I point at her sternly, "Careful."

"To hell with your careful! What are you gonna do? Beat me? Yeah, well I've taken those from you before. You just gonna keep me locked up in your basement forever? What do you want from me J?"

"You shouldn't tell her."

"But maybe you should."

"You're a weak fool."

I grasp at my head as my voices throw in their ten cents worth. I take a deep breath but stay unmoved. "I want redemption. I want you to understand everything I did. I want to hear you say that you still love me."

"It'll be a cold day in hell!" She shouts at me.

I quickly jump to my feet. She flinched as if she thought I would hit her. She...feared me. "You broke our vows Harley. You broke my heart."

"You don't have a heart!"

I glare at her, "Don't make me be heartless."

"Where is she J? Where is Lucy?"

"She's in Gotham. She always has been," I answer.

"Why did you bring me here J?"

I didn't know what to say. Do I tell her I did it because I wanted to be near her. That I just wanted to touch her? That I wanted to pretend that my wife still loved me? Do I tell her Lucy is here? Do I tell her that she's dying? Maybe I should tell her the truth.

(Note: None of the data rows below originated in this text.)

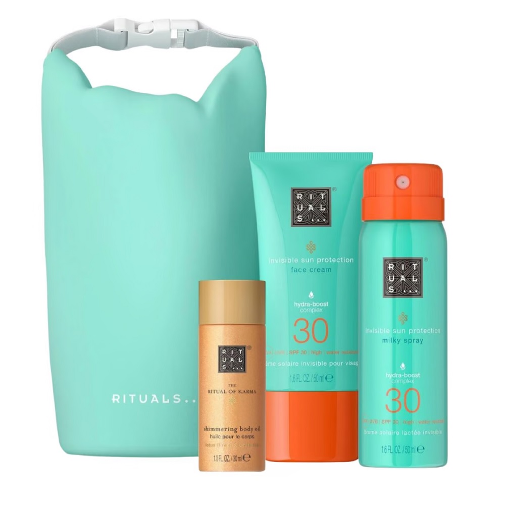 The Ritual of Karma zestaw błyszczący olejek do ciała 30ml + krem do twarzy SPF30 50ml + mleczko do opalania w sprayu SPF30 50ml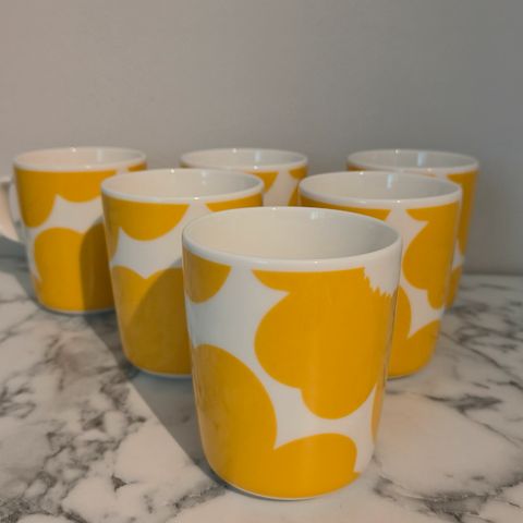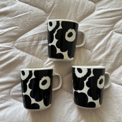 Vain muutaman kerran käytössä olleet 2,5dl Marimekon Suur Unikko kahvimukit.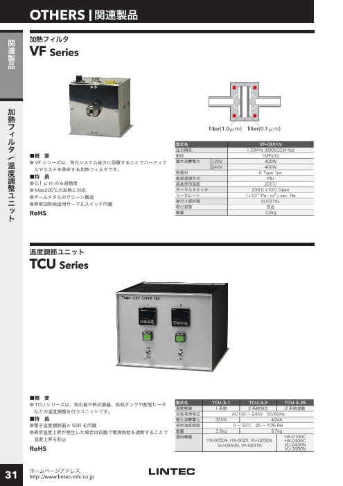 ◆加熱フィルタ VF SeriesVFシリーズは、気化システム後方に設置することでパーティクルやミストを除去する加熱フィルタです。・0.1 μ m のろ過精度。・Max200℃の加熱に対...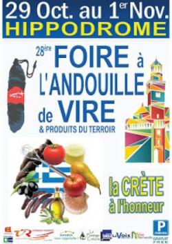 19h30 : dîner spectacle à la Salle du Vaudeville (centre-ville de Vire) avec le groupe musical folklorique crétois et ses danseurs(ses). 30€ avec apéritif et café. Sur réservation au Manoir de la Pommeraie : 02 31 68 07 71 (Menu détaillé dans la rubrique "Menus pendant la foire")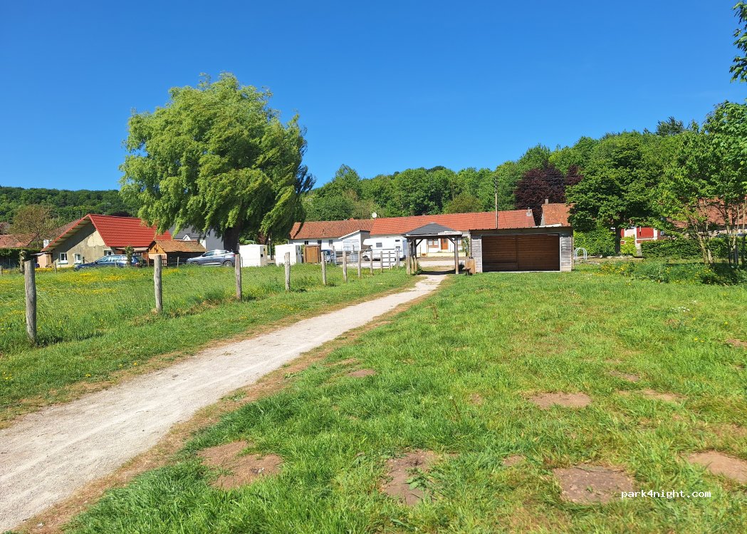 Parking accès au marais avec zone couverte table et banc, et poubelle selective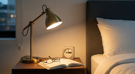 A cozy nightstand scene featuring a lit lamp, an open book with reading glasses, and a mug. The warm lighting creates a relaxing atmosphere perfect for evening reading in a bedroom.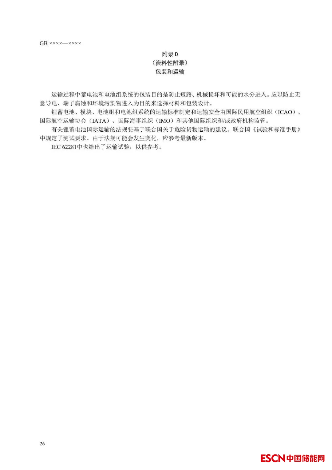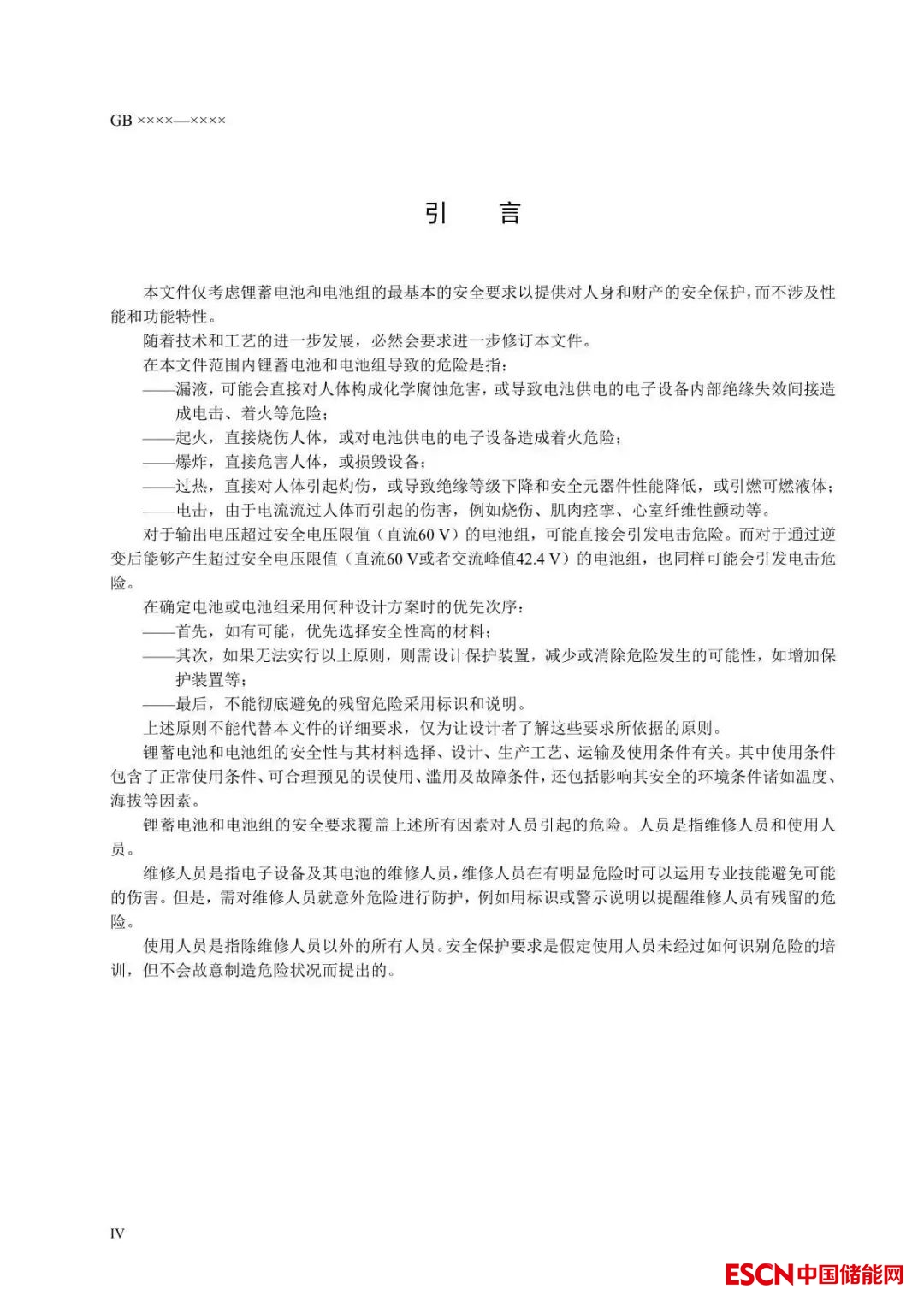 該文件適用于電能存儲系統(tǒng)用鋰蓄電池和電池組(以下簡稱為電池和電池組)。其中電能存儲系統(tǒng)包括:電信;中央應急照明和報警系統(tǒng);固定式發(fā)動機啟動;光伏系統(tǒng);家用(住宅)儲能系統(tǒng)(HESS);大容量儲能:并網(wǎng)/離網(wǎng)。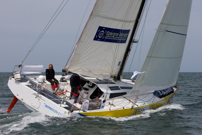 Yvan Noblet « Appart City » : « C’est la pétole. Cela revient, tout de même, un peu. On court après les nordistes. Le petit temps n’est pas l’allure favorite de notre plan Verdier. Nous jouons collé – serré avec Halvard Mabire et Peter Harding. La course a été intéressante tout au long de la côte anglaise. Content d’aborder la mer celtique au portant ».

"If I knew I could trust you there would be no need for all this," I motion around at the cell. I walk out and the door lowers. I stand on the outside looking in at Harley. "She's dying Harley. Lucy is dying. I keep trying to save her...I don't know if I can."

"What? What do you mean? Where is she? What's wrong with Lucy?!" Harley rushed to the glass and bangs on it.

I can't even look at her. "PH760-9 is what's wrong with her. The fact that she was conceived by you and I is what's wrong with her."

"Does she know about us? About PH760-9?"

I slowly look up at her and slide my hands into my pockets. I nod slightly. "She knows."